↓↓↓
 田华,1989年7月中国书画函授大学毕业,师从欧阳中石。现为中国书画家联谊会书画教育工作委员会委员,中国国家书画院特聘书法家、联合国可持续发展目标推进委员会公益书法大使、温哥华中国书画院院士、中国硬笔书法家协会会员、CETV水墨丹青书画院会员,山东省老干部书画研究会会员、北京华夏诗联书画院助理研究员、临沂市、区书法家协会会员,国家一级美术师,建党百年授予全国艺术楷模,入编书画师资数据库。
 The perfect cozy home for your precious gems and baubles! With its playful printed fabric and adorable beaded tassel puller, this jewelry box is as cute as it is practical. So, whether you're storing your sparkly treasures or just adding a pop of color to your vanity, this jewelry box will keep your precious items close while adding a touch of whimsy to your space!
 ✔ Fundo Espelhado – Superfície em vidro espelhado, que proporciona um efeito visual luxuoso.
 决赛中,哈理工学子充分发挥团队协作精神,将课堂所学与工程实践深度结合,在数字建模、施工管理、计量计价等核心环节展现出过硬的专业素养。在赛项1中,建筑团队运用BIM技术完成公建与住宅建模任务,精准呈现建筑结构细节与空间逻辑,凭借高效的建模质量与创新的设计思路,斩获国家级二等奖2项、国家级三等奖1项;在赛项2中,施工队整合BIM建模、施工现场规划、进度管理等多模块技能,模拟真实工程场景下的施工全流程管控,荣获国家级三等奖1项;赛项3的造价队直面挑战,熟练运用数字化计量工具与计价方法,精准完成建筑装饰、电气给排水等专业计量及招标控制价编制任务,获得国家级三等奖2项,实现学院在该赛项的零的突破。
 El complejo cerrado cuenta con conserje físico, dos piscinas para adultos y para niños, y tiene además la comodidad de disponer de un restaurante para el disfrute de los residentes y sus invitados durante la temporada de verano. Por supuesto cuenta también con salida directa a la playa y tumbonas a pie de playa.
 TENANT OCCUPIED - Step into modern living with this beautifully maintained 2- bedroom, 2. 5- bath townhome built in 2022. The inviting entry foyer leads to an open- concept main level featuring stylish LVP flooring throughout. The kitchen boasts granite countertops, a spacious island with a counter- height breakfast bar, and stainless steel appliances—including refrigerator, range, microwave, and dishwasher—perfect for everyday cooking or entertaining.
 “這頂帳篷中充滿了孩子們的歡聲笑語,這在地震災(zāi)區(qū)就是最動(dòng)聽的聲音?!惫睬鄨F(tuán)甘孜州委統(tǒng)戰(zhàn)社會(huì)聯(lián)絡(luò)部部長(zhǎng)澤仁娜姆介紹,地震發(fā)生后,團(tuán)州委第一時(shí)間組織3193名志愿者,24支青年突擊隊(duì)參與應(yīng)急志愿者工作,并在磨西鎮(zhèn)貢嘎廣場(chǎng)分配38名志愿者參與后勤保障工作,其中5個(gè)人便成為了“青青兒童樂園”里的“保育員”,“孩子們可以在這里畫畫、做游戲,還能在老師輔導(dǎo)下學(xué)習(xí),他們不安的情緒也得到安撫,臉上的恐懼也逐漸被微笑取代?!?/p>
↑↑↑
↓↓↓
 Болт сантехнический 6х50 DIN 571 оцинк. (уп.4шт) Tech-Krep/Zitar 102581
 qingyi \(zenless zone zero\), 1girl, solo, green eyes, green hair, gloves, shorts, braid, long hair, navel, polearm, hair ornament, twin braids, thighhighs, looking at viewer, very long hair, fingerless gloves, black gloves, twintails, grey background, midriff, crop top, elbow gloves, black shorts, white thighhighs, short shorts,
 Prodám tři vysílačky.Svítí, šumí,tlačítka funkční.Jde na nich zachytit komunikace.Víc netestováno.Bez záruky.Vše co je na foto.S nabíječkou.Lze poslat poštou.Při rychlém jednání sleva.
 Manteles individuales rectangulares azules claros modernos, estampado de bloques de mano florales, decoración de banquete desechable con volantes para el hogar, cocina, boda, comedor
↑↑↑
> TASK TO COMPLETE: Your job is to copy out every line from the records above that has the word "this".

> REPLY TO THE TASK:
 The perfect cozy home for your precious gems and baubles! With its playful printed fabric and adorable beaded tassel puller, this jewelry box is as cute as it is practical. So, whether you're storing your sparkly treasures or just adding a pop of color to your vanity, this jewelry box will keep your precious items close while adding a touch of whimsy to your space!
 TENANT OCCUPIED - Step into modern living with this beautifully maintained 2- bedroom, 2. 5- bath townhome built in 2022. The inviting entry foyer leads to an open- concept main level featuring stylish LVP flooring throughout. The kitchen boasts granite countertops, a spacious island with a counter- height breakfast bar, and stainless steel appliances—including refrigerator, range, microwave, and dishwasher—perfect for everyday cooking or entertaining.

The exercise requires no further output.